### TASK BRIEF
Set down all of the data exactly. Pictures stay out of the copy.

[Dataset records]
-------

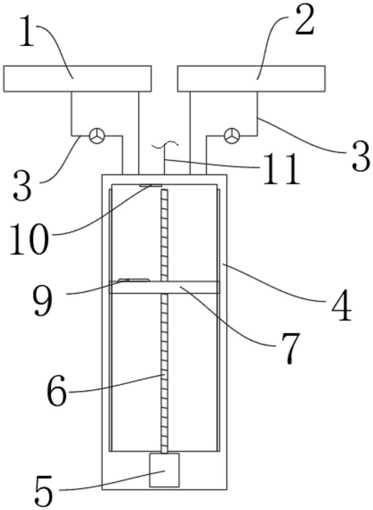 本实用新型涉及热水器水箱领域,具体为热水器水箱结构,包括太阳能集热器和空气能集热器;所述太阳能集热器和空气能集热器的下端分别安装有一组供水管道,两组所述供水管道的下端均安装在水箱的顶部,本实用新型中,在需要使用热水时,通过对水箱的控制,以通过降低需加热水量的方式,快速提升热水温度,能够快速获得所需温度的热水,通过控制隔盘与水箱顶部的距离,以控制待循环流体的数量和加热时间,方便按需求调节,且还能够在供水不足如不能填满水箱时,能够正常使用太阳能集热器和空气能集热器获取所需热水,方便在缺水环境下使用。
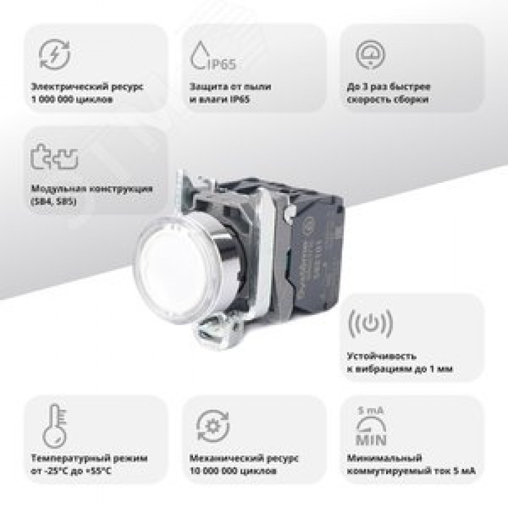 Технические характеристики Кнопка SB4 с подсветкой в сборе модульная 22мм белая металл 24ВDC 1НО+1НЗ
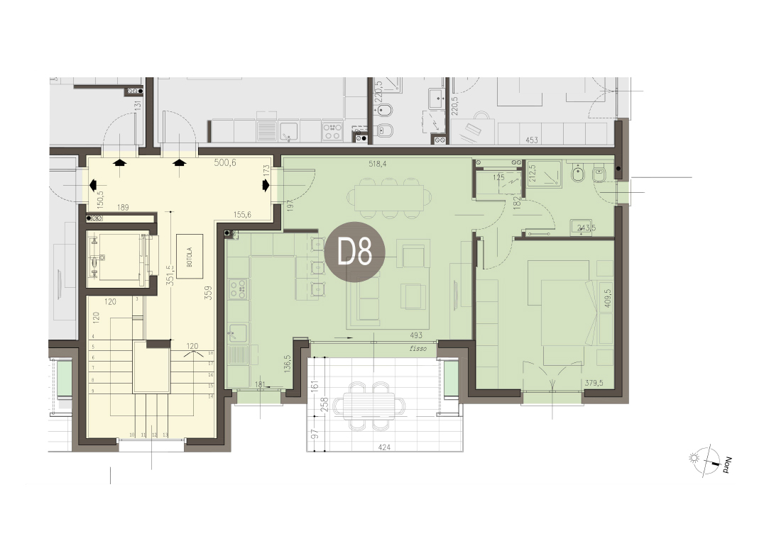 Bilocale a Piano Primo con soggiorno con cucina a vista, una camera, un bagno, disimpegno, portico e terrazzo di 10 mq. Classe energetica A3 (valore di progetto).
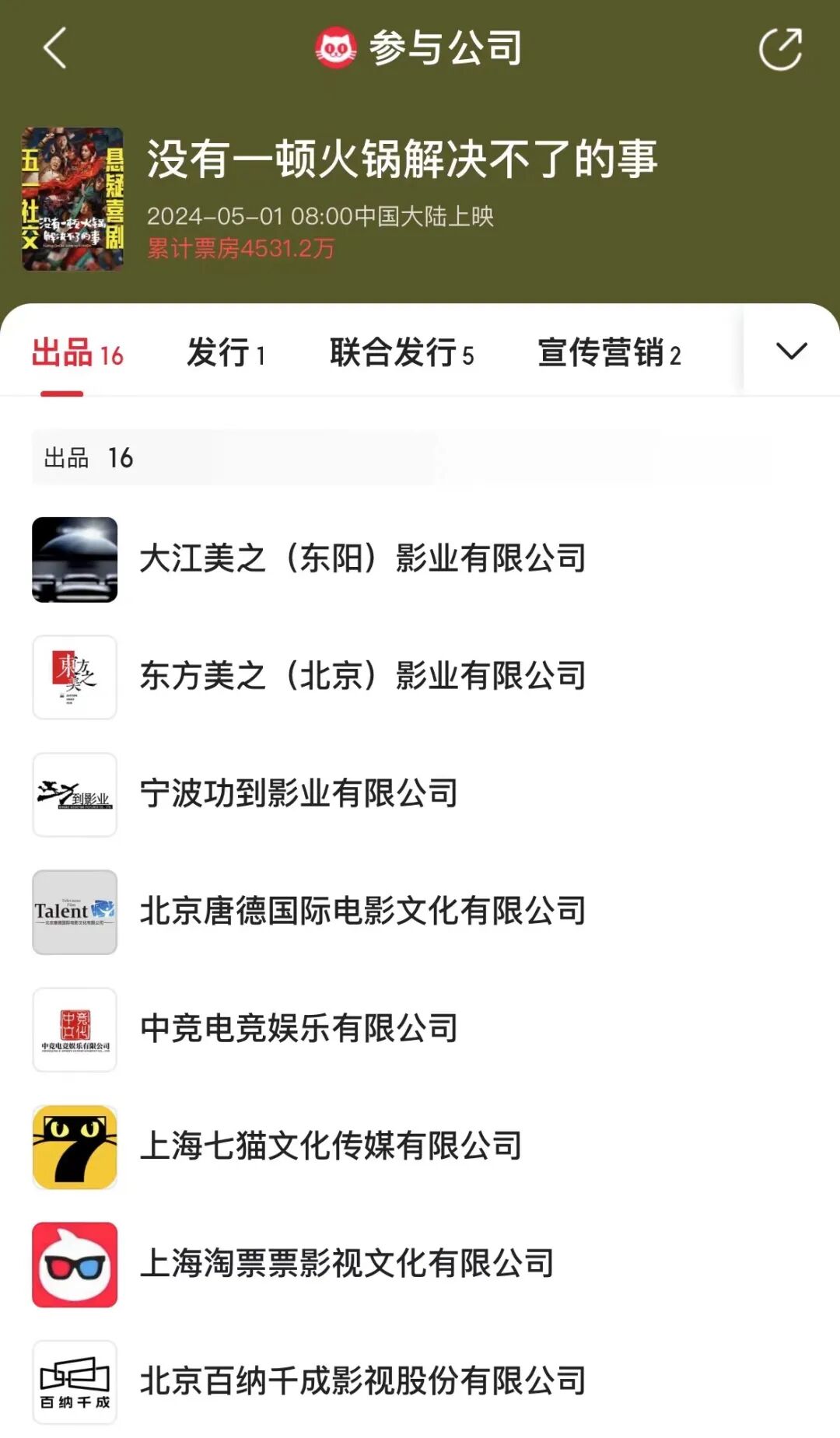 《没有一顿火锅解决不了的事》的背后出品方多达16家,其中也不乏唐德影视、百纳千成等上市公司。
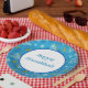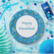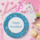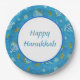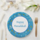 Set of eight 9” paper plates with an image of spinning dreidels, lighted gold menorahs, and gold coins on blue, and an optional white centre with a blue border and customisable holiday sentiment. See matching mug, square ceramic tile and coasters. See the entire Hanukkah Plate collection under the HOME category in the HOLIDAYS section.
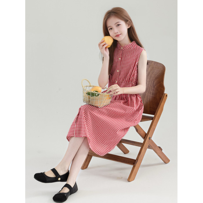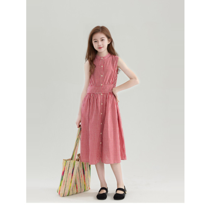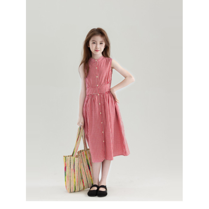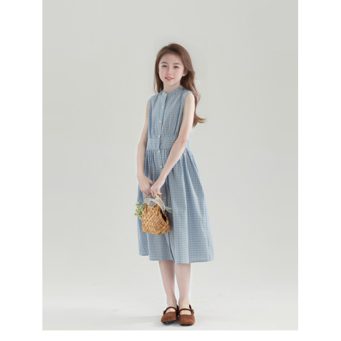 夏季女童經典藍色純棉格子連衣裙 童裝新品純棉無袖裙子 中大兒童

-------

### SOLUTION TO THIS TASK
 本实用新型涉及热水器水箱领域,具体为热水器水箱结构,包括太阳能集热器和空气能集热器;所述太阳能集热器和空气能集热器的下端分别安装有一组供水管道,两组所述供水管道的下端均安装在水箱的顶部,本实用新型中,在需要使用热水时,通过对水箱的控制,以通过降低需加热水量的方式,快速提升热水温度,能够快速获得所需温度的热水,通过控制隔盘与水箱顶部的距离,以控制待循环流体的数量和加热时间,方便按需求调节,且还能够在供水不足如不能填满水箱时,能够正常使用太阳能集热器和空气能集热器获取所需热水,方便在缺水环境下使用。
 Технические характеристики Кнопка SB4 с подсветкой в сборе модульная 22мм белая металл 24ВDC 1НО+1НЗ
 Bilocale a Piano Primo con soggiorno con cucina a vista, una camera, un bagno, disimpegno, portico e terrazzo di 10 mq. Classe energetica A3 (valore di progetto).
 《没有一顿火锅解决不了的事》的背后出品方多达16家,其中也不乏唐德影视、百纳千成等上市公司。
 Set of eight 9” paper plates with an image of spinning dreidels, lighted gold menorahs, and gold coins on blue, and an optional white centre with a blue border and customisable holiday sentiment. See matching mug, square ceramic tile and coasters. See the entire Hanukkah Plate collection under the HOME category in the HOLIDAYS section.
 夏季女童經典藍色純棉格子連衣裙 童裝新品純棉無袖裙子 中大兒童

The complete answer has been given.